Description of the task:
Below are records; reproduce exactly the lines from the first through the one containing "-材質:奶嘴(矽膠-50°C~250°C)、奶嘴盒(PP-20°C~110°C)".

╔══

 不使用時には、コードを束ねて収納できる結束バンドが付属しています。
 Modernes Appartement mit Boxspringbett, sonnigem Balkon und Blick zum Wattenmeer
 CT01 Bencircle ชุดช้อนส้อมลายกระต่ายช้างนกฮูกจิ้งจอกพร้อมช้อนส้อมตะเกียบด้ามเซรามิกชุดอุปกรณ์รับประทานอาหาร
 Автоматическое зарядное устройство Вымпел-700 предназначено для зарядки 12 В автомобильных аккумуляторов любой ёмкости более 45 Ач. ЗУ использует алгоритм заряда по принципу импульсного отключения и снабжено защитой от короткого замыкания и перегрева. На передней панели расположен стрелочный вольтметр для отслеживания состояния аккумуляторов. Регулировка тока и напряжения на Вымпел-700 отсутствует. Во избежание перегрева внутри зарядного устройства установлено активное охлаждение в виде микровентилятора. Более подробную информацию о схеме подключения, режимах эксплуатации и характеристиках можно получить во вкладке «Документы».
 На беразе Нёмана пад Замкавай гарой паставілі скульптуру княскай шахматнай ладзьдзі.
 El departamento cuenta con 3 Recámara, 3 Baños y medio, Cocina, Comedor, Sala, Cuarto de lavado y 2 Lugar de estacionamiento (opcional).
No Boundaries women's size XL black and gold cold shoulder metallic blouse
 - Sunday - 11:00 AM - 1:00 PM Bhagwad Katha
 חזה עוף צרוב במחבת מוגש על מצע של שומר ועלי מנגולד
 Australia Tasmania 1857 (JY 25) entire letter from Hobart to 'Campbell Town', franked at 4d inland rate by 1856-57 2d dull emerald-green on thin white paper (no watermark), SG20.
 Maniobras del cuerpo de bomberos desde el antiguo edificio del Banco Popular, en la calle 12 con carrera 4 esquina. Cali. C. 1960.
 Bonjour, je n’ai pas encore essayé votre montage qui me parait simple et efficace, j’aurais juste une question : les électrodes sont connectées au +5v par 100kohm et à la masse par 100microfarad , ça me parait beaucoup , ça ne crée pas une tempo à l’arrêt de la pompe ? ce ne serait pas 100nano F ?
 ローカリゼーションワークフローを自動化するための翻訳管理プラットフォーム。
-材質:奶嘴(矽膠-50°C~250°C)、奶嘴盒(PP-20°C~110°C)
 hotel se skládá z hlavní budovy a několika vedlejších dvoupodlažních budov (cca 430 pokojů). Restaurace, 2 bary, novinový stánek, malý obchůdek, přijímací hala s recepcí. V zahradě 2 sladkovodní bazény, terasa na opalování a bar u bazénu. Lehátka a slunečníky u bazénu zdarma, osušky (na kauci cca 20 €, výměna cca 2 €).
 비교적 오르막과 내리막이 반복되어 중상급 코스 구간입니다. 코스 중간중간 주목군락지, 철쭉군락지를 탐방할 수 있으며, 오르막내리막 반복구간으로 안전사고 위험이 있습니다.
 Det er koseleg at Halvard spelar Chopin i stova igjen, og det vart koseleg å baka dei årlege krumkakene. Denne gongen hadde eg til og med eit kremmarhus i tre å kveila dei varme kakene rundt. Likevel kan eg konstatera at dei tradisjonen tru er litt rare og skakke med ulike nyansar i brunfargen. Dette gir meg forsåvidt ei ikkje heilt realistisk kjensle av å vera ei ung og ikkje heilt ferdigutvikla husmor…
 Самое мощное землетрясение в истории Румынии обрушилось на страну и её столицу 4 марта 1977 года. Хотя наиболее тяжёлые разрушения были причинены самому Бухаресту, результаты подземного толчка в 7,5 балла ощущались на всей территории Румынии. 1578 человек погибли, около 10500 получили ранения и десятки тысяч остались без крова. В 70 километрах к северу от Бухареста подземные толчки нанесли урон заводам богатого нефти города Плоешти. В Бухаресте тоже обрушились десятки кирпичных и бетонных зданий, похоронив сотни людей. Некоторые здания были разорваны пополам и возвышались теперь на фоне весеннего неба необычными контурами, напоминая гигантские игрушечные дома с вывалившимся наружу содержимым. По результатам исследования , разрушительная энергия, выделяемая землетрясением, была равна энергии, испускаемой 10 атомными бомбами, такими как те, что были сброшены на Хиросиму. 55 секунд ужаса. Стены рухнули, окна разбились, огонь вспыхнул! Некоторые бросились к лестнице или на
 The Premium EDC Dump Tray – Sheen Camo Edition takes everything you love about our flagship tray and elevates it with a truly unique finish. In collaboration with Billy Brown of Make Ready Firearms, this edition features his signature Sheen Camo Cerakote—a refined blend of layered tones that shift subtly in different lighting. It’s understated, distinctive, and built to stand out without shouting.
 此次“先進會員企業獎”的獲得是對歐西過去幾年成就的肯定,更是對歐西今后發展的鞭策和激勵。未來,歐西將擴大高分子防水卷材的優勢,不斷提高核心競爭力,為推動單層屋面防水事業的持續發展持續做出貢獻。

╚══

Output for this exercise:
 不使用時には、コードを束ねて収納できる結束バンドが付属しています。
 Modernes Appartement mit Boxspringbett, sonnigem Balkon und Blick zum Wattenmeer
 CT01 Bencircle ชุดช้อนส้อมลายกระต่ายช้างนกฮูกจิ้งจอกพร้อมช้อนส้อมตะเกียบด้ามเซรามิกชุดอุปกรณ์รับประทานอาหาร
 Автоматическое зарядное устройство Вымпел-700 предназначено для зарядки 12 В автомобильных аккумуляторов любой ёмкости более 45 Ач. ЗУ использует алгоритм заряда по принципу импульсного отключения и снабжено защитой от короткого замыкания и перегрева. На передней панели расположен стрелочный вольтметр для отслеживания состояния аккумуляторов. Регулировка тока и напряжения на Вымпел-700 отсутствует. Во избежание перегрева внутри зарядного устройства установлено активное охлаждение в виде микровентилятора. Более подробную информацию о схеме подключения, режимах эксплуатации и характеристиках можно получить во вкладке «Документы».
 На беразе Нёмана пад Замкавай гарой паставілі скульптуру княскай шахматнай ладзьдзі.
 El departamento cuenta con 3 Recámara, 3 Baños y medio, Cocina, Comedor, Sala, Cuarto de lavado y 2 Lugar de estacionamiento (opcional).
No Boundaries women's size XL black and gold cold shoulder metallic blouse
 - Sunday - 11:00 AM - 1:00 PM Bhagwad Katha
 חזה עוף צרוב במחבת מוגש על מצע של שומר ועלי מנגולד
 Australia Tasmania 1857 (JY 25) entire letter from Hobart to 'Campbell Town', franked at 4d inland rate by 1856-57 2d dull emerald-green on thin white paper (no watermark), SG20.
 Maniobras del cuerpo de bomberos desde el antiguo edificio del Banco Popular, en la calle 12 con carrera 4 esquina. Cali. C. 1960.
 Bonjour, je n’ai pas encore essayé votre montage qui me parait simple et efficace, j’aurais juste une question : les électrodes sont connectées au +5v par 100kohm et à la masse par 100microfarad , ça me parait beaucoup , ça ne crée pas une tempo à l’arrêt de la pompe ? ce ne serait pas 100nano F ?
 ローカリゼーションワークフローを自動化するための翻訳管理プラットフォーム。
-材質:奶嘴(矽膠-50°C~250°C)、奶嘴盒(PP-20°C~110°C)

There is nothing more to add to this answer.